As the reproductive rights of women remain a national issue, Rep. Chris Taylor, D-Madison, and civil rights attorney Lester Pines met with University of Wisconsin students to address what they called a “humiliating and degrading” law requiring ultrasounds before an abortion.
The law, which is currently being challenged in the courts, requires ultrasounds for women seeking an abortion and requires doctors who perform abortions to have admitting rights at a hospital within 30 miles of the clinic.
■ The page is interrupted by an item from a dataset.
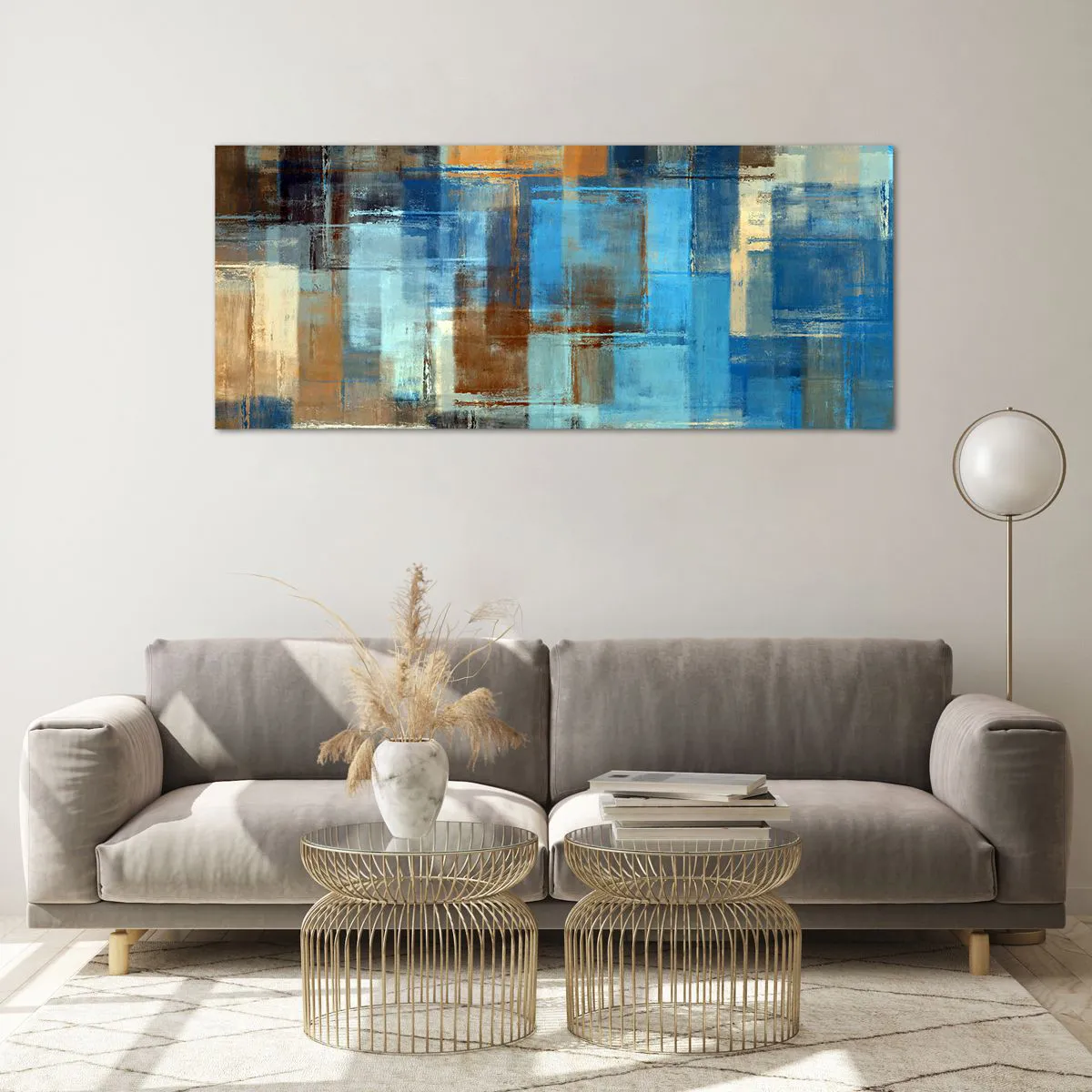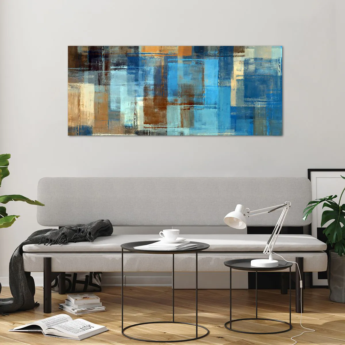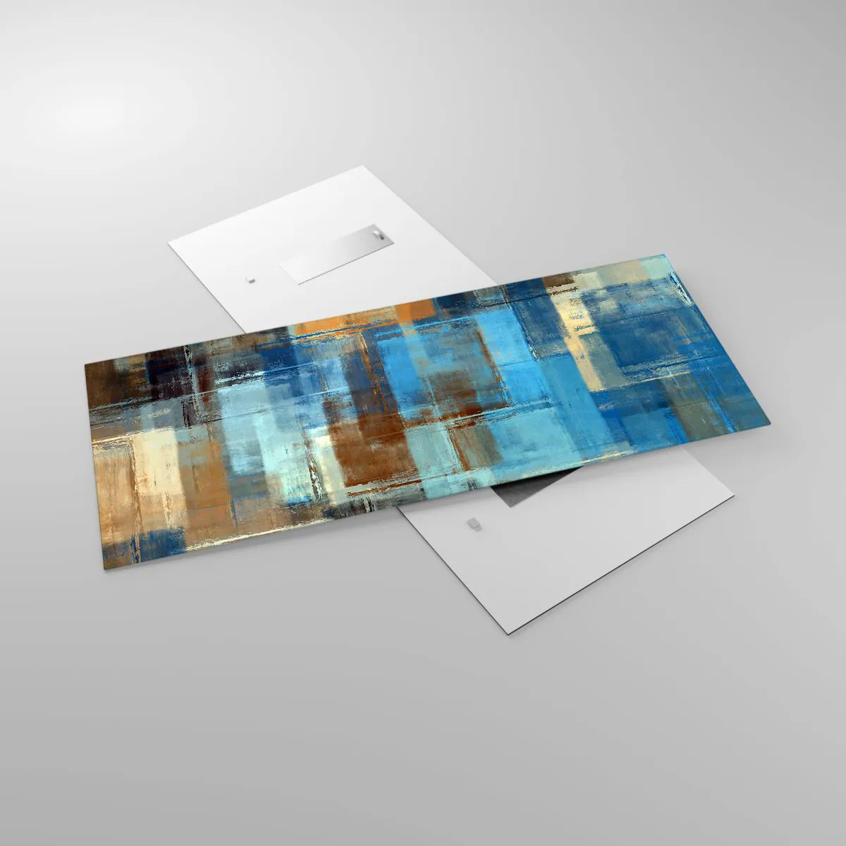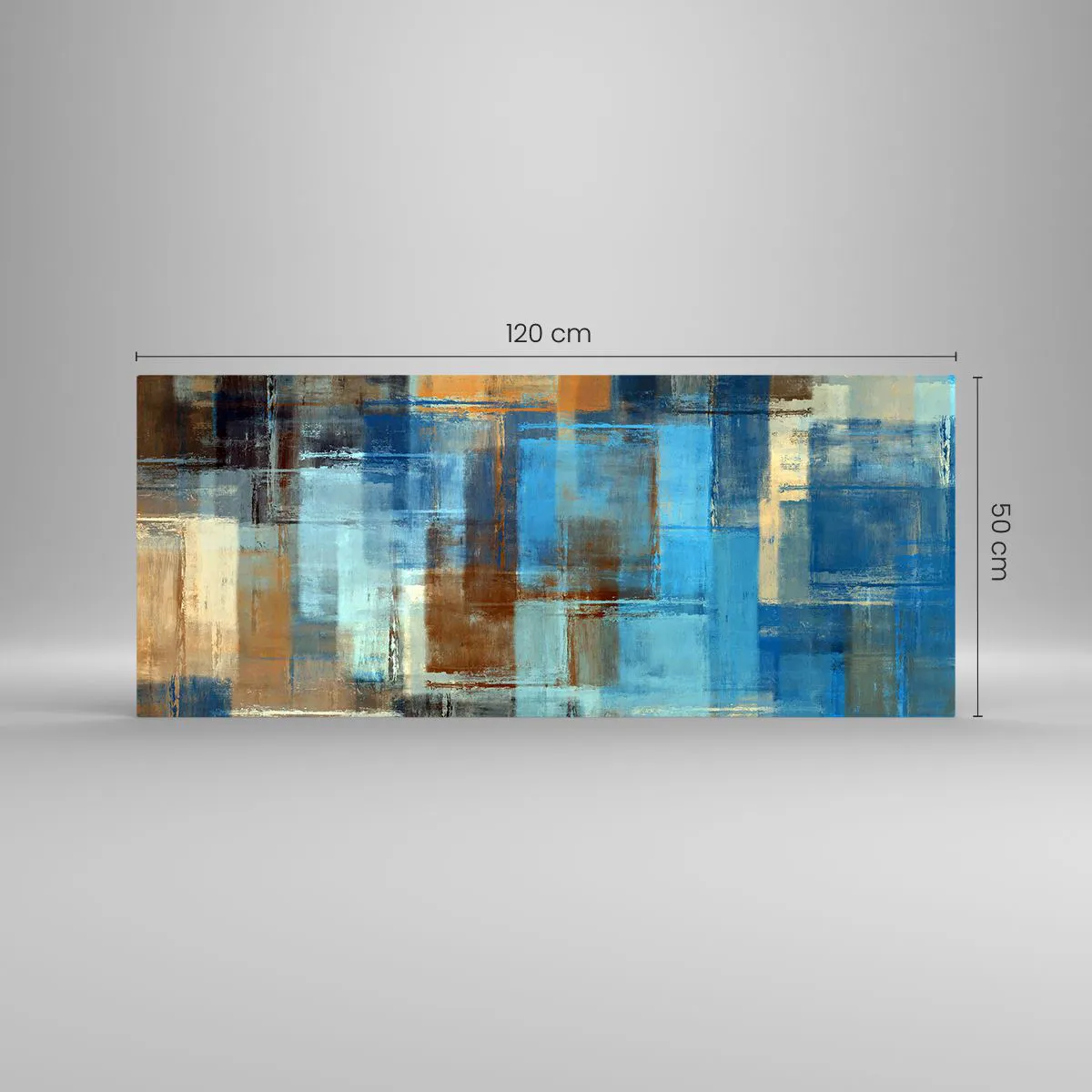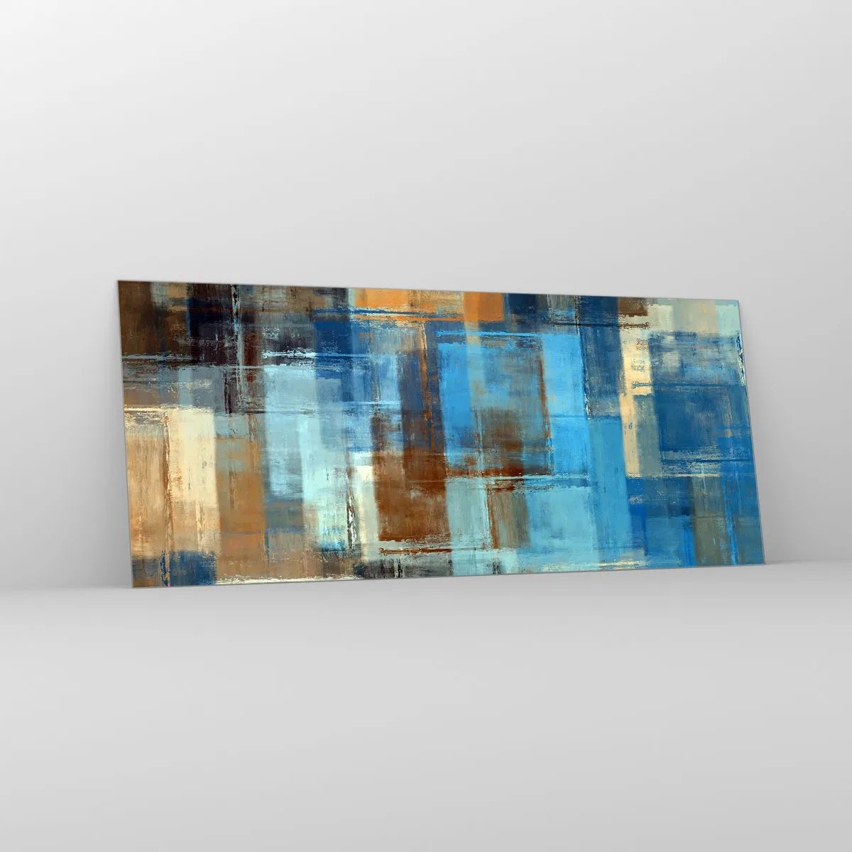 Impression sur verre - Image sur verre - Composition géométrique abstraite dans les tons de bleu et de marron - 120x50cm - A travers le voile bleu - Décoration murale moderne pour le salon et la chambre ARTTOR

The law includes exceptions for cases where the mother’s life is threatened or in cases of rape and incest if the crime is reported, Taylor said.
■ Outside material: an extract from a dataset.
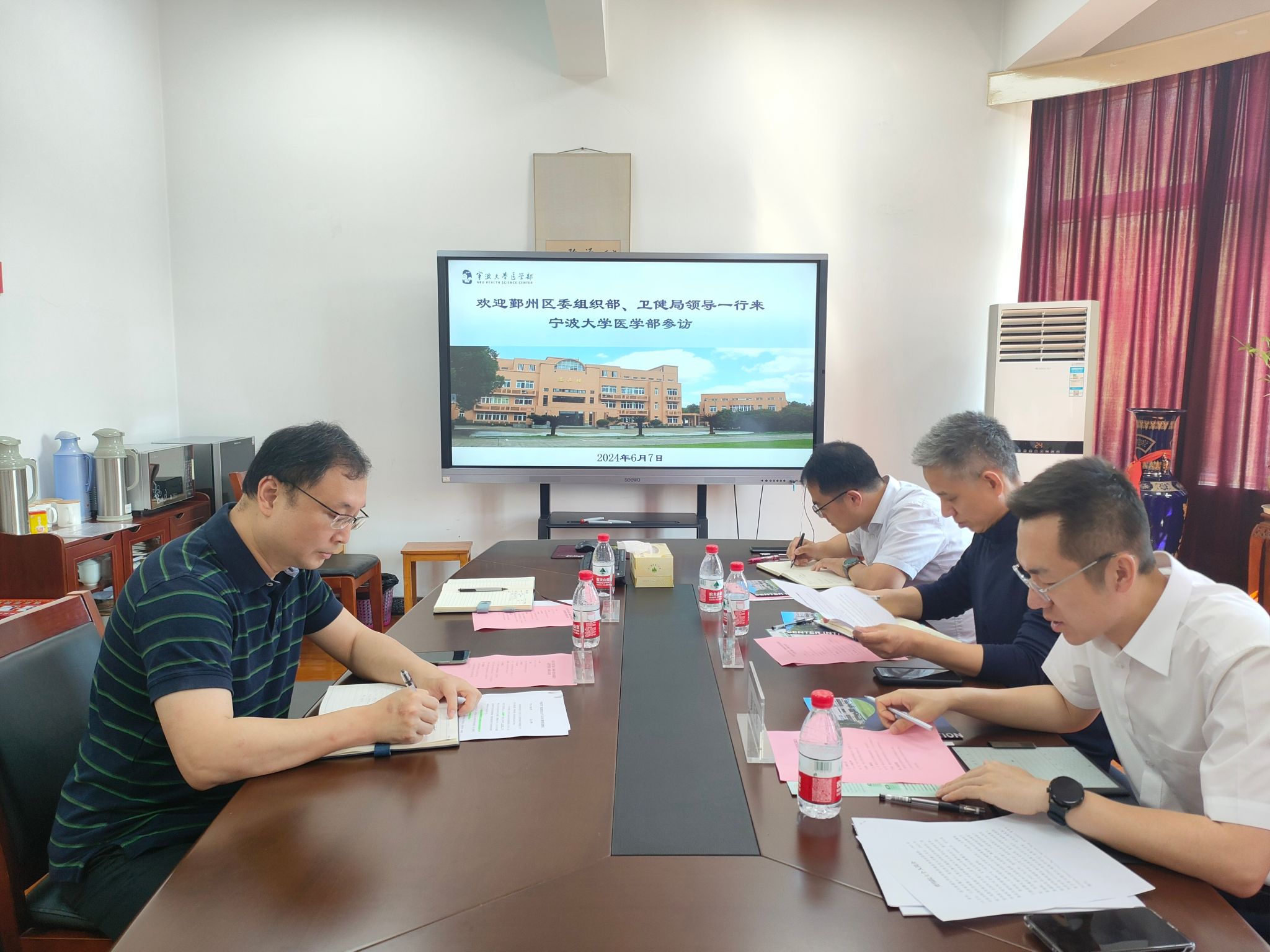 On June 7, Huang Wanjun, a member of the Yinzhou District Committee Organization Department and the full-time deputy director of the Talent Office, together with Zhu Yu, the deputy director and party committee member of the Yinzhou District Health Bureau, visited the Ningbo University Health Science Center to research high-level talent recruitment efforts. They were received by Xu Jin, the deputy director of the Health Science Center.

However, she said only 19 percent of victims of sexual assault actually report the crime, and the law does not exempt cases in which complications occur in the pregnancy.
Pines, the attorney who secured a temporary restraining order and injunction on the law after its passage, said he sees the law as an attempt by “extremists” in the Legislature to restrict the reproductive rights of women. Specifically, he said the law would suppress the sexuality of poor women.
“This is about control over people you don’t like,” Pines said. “It’s about control over women.”
He said the history of the reproductive rights movement to empower women is significant in understanding the origins of the current controversy.
The issue has been contentious since Roe v. Wade, with the development of radical opposition to contraception and abortion, Pines said.
“Just because the law changed, people didn’t change,” he said. “People fundamentally shut up, but they don’t fundamentally change. Traditionally, the forces in our political culture have been liberal and progressive, but the popular culture has. Basically, the political culture can’t keep up.”
In addition to controversy surrounding reproductive rights, Pines said partisan problems exist with the current Legislature.
Both Taylor and Pines said extremists in the Legislature “took advantage” of their Republican majority by passing the law at the same time as the 2013-15 biennial budget.
“They pushed it through the Legislature with ‘flooding the zone’ tactics to obscure how bad the budget was,” Taylor said.
Jacob Riederer, spokesperson for the UW College Democrats, said in an email to The Badger Herald, state GOP legislators used the mandatory ultrasound bill solely to implement their right-wing social agenda.
Riederer said the bill both endangers the health of women and restricts their right to choose.
“This is just one of many attacks by Republicans on the health and well-being of women when you consider the 100,000 forced off of BadgerCare, including pregnant women,” he said.
In spite of its success in the Republican-dominated Legislature, Taylor said she strongly supports action against the law.
Pines is pursuing an ongoing lawsuit with Planned Parenthood against Attorney General J.B. Van Hollen. People will also need to speak up and elect officials “other than the extremists” currently in the Legislature in 2014, he added.
“Silence has never helped civil rights,” Taylor said.
Emails to Charlie Hoffman, chair of the UW College Republicans, were not returned.